Today’s question of the week piggybacks on last week’s, but for me is more of a reflection of the overall job impact of not only being pregnant but having a baby.

Although most of my coworkers know my “situation,” being out at work is fairly risky business for me (long story). So having a baby is even more risky business. Because while I’m not always captain disclosure, I’m not very good at secrets, either.  And there is only so much deflecting that can be done in nine months (and for the entire life of the child). People will ask about the father (and therefore conception). And there are places and times when disclosure will be appropriate and places and times when it will be wildly inappropriate.

I do not think I will be fired. I do, however, think I will face countless moments of making the decision whether to disclose or not, I think I will be way further out at work than I ever have been so far (I am somewhat discreet) and that idea makes me uncomfortable because, in general, it’s easier to be discreet. Not because I’m uncomfortable with who I am, but because I am VERY VERY aware of potential ramifications and I am not comfortable with those.

(To anyone who might wonder why I stick around – I truly love my job and I am able to be honest if not shouting it from the rooftops (example: I was given a surprise wedding shower when we got married)).

This is sort of a silly what-if, I guess, because there will be job trouble. And I will have to brace myself for unwelcome comments. But at this point, our baby and our family trumps these concerns.

Gender and Ramifications of Pregnancy

For the past few days, I’ve been thinking about the impact pregnancy will have on my career. More specifically, the impact it will have on perceptions of my gender and personality.

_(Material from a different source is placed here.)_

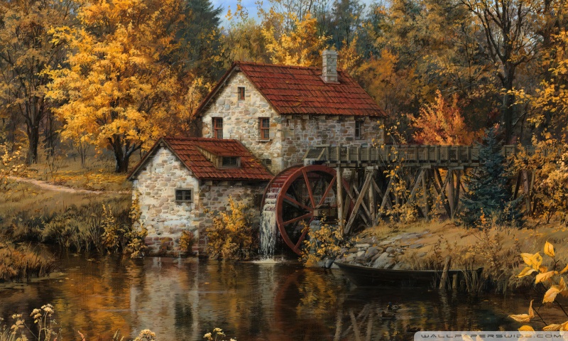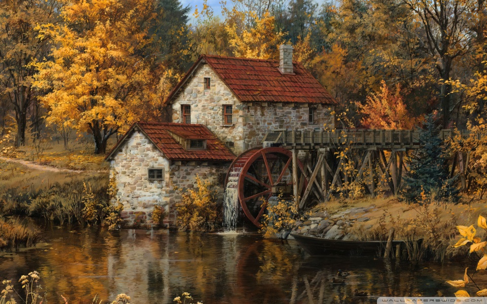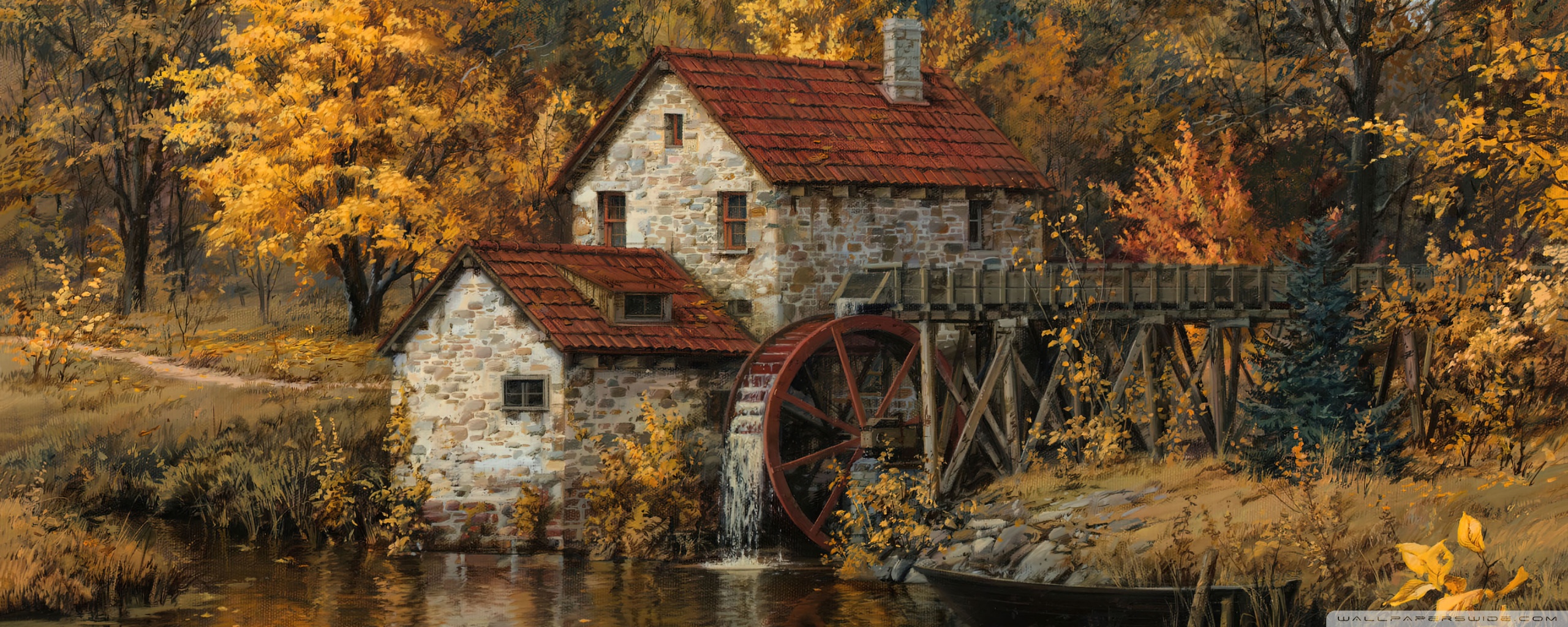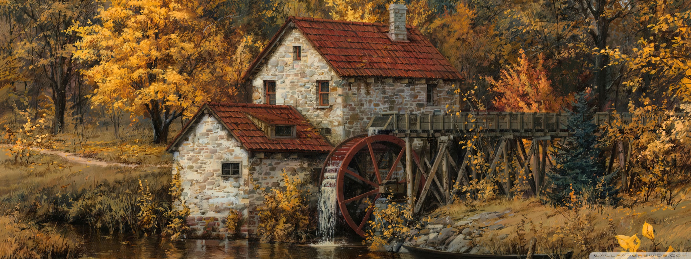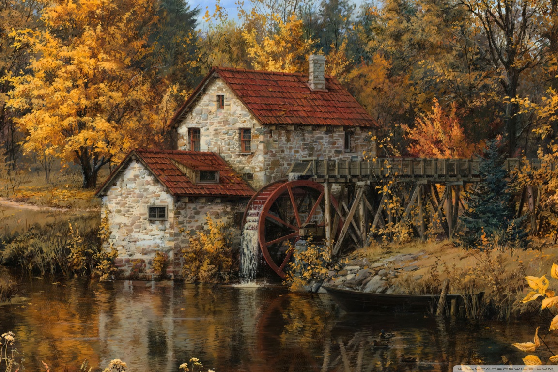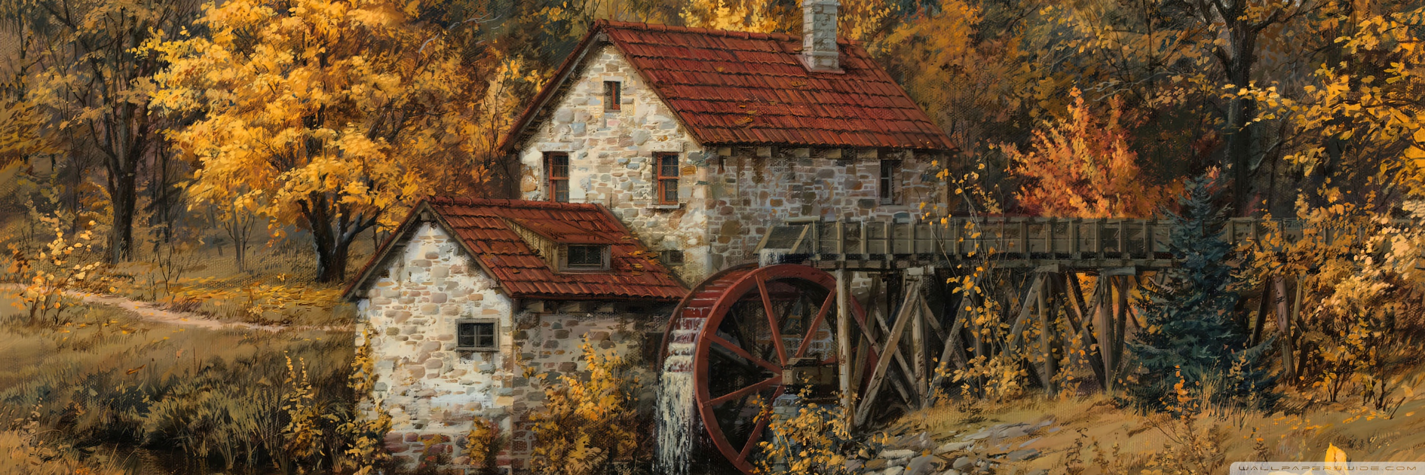 Download Countryside Watermill, Fall Scenery 4K UHD Wallpaper

If you had to dichotomize my relationship with C by looks alone, I am the femme one, hands down. But of course it’s far more complicated than looks alone or actions or emotions by themselves and while I am “femme” in many aspects of the word, I am not stereotypically feminine at home or at work. I believe that this has been an asset and I believe at times, primarily because of the oppression of all things feminine in our society, I have benefited from not fitting exactly into that role and from being able to connect better with coworkers and managers.

So when I think about being pregnant at work, I think about the ways perceptions could instantly change. I work in a high-stress and sometimes dangerous environment and while I will appreciate the support I am fairly sure I will be given (“light duty” work, greater protection from the stresses and dangers), I do not want to be perceived as too “feminine” (read: stereotypes of weak, vulnerable, needy), especially because I worry that such perceptions might follow me long after I have given birth.

These concerns are not out of some macho sense that I need to appear strong for myself or even that I need to appear strong to simply keep my job, but instead a sense that I need to appear strong for the sake of my ability to be an influencer at my job. It takes time, especially as a young woman, to gain acknowledgement and respect. It takes time to build relationships to the point that you are a voice to be heard rather than dismissed. And I worry that being pregnant will relegate me to “vulnerable” which is associated with weak, which are both associated with feminine, which is then associated with a need to give a pat on the head and send back to work.

Much of this concern may be blown out of proportion in this post, but I don’t think it is an exaggeration that pregnancy will have an impact on others’ perspectives, if not consciously than because of a subconscious script that we all have been fed in one way or another since the time of birth.

(None of this even goes into the reaction that my coworkers, who know my relationship status, will have as they attempt to put two and two together about how exactly the pregnancy came to be. That’s a post for another day.)